Task statement:
Once you find the line containing "2023 年4 月11日,精品视频8AV党委于求实楼" in the data below, copy it and each following line exactly, up to and including the line containing "Stunning Boho Design", and nothing else.

Source records:

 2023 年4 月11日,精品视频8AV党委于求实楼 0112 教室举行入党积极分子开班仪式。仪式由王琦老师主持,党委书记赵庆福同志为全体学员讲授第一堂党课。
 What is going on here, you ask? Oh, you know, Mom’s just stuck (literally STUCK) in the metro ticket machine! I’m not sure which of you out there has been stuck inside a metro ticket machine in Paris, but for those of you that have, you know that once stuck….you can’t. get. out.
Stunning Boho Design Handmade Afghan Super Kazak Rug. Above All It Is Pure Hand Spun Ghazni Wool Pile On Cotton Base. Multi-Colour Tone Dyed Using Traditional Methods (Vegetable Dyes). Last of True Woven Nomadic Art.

* * *

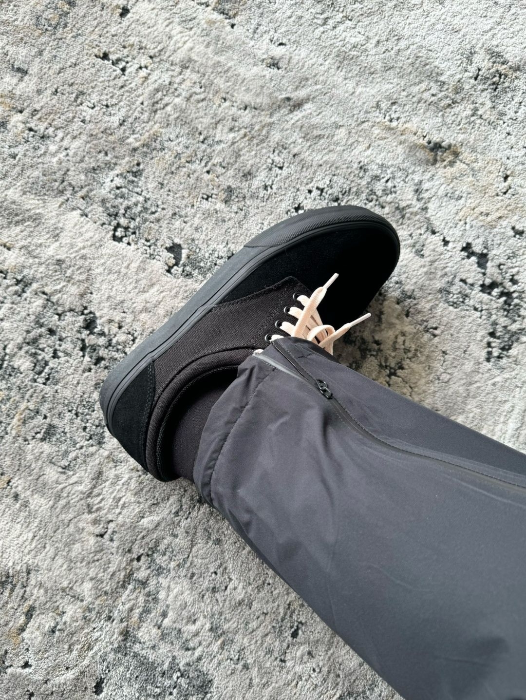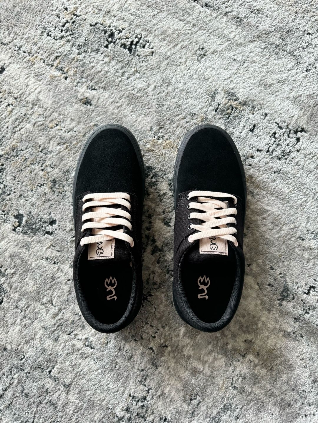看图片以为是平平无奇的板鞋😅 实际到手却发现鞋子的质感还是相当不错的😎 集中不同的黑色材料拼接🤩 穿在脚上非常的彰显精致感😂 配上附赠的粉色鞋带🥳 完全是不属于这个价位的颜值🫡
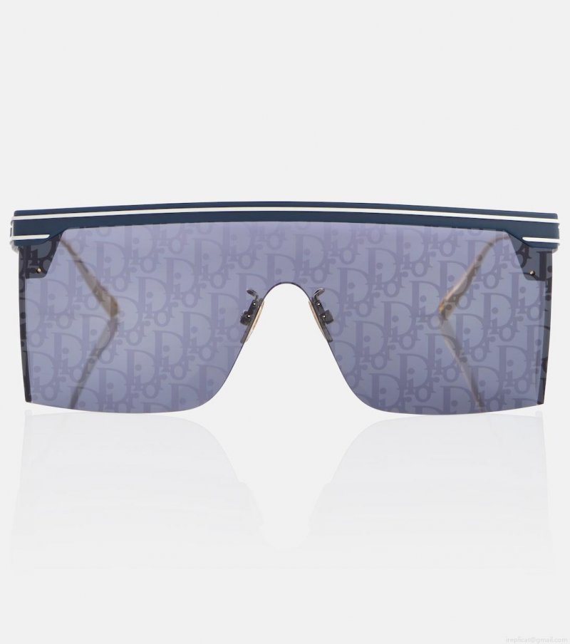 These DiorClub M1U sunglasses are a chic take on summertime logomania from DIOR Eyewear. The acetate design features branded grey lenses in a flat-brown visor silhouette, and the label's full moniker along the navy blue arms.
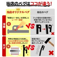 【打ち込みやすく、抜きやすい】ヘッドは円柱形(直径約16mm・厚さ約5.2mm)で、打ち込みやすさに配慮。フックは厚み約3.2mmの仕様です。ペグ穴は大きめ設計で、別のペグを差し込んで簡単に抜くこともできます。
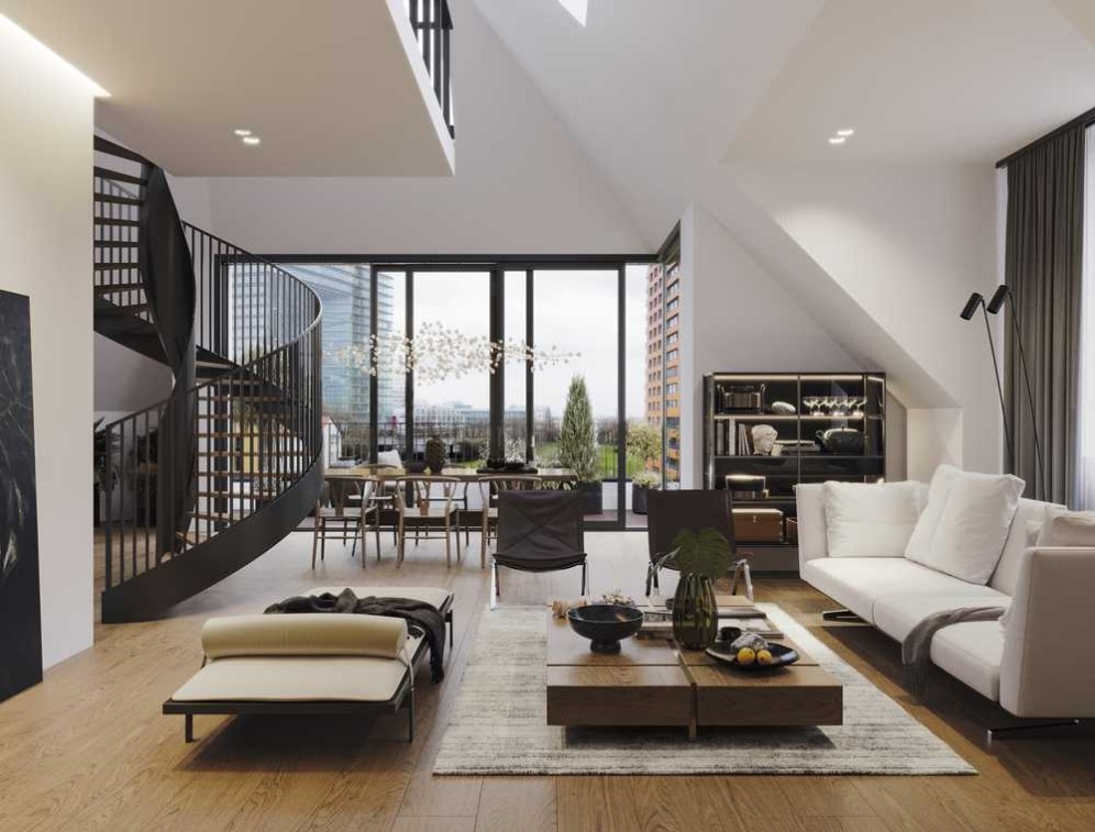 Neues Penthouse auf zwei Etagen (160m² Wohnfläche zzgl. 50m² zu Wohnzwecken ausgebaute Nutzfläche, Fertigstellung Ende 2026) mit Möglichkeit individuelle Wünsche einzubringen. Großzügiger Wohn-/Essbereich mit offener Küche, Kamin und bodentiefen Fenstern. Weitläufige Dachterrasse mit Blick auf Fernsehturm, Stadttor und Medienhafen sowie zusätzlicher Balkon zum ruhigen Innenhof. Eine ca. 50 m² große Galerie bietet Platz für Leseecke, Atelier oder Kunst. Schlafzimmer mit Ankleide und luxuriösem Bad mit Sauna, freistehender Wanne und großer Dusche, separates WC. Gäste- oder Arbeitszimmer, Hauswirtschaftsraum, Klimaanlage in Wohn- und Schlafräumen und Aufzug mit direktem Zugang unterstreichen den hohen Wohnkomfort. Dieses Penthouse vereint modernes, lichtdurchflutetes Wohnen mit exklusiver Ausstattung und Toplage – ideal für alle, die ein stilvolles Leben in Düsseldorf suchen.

...

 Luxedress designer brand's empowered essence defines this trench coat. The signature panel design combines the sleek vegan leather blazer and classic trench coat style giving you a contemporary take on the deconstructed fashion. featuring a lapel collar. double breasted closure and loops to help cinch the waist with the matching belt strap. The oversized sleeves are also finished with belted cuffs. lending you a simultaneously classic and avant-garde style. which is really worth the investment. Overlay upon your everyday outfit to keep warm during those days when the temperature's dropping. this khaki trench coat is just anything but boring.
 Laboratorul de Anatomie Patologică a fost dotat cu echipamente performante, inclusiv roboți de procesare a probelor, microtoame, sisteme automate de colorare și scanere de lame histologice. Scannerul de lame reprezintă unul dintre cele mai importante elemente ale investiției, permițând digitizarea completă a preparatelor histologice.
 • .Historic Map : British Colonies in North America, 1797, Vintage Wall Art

Written answer:
 2023 年4 月11日,精品视频8AV党委于求实楼 0112 教室举行入党积极分子开班仪式。仪式由王琦老师主持,党委书记赵庆福同志为全体学员讲授第一堂党课。
 What is going on here, you ask? Oh, you know, Mom’s just stuck (literally STUCK) in the metro ticket machine! I’m not sure which of you out there has been stuck inside a metro ticket machine in Paris, but for those of you that have, you know that once stuck….you can’t. get. out.
Stunning Boho Design Handmade Afghan Super Kazak Rug. Above All It Is Pure Hand Spun Ghazni Wool Pile On Cotton Base. Multi-Colour Tone Dyed Using Traditional Methods (Vegetable Dyes). Last of True Woven Nomadic Art.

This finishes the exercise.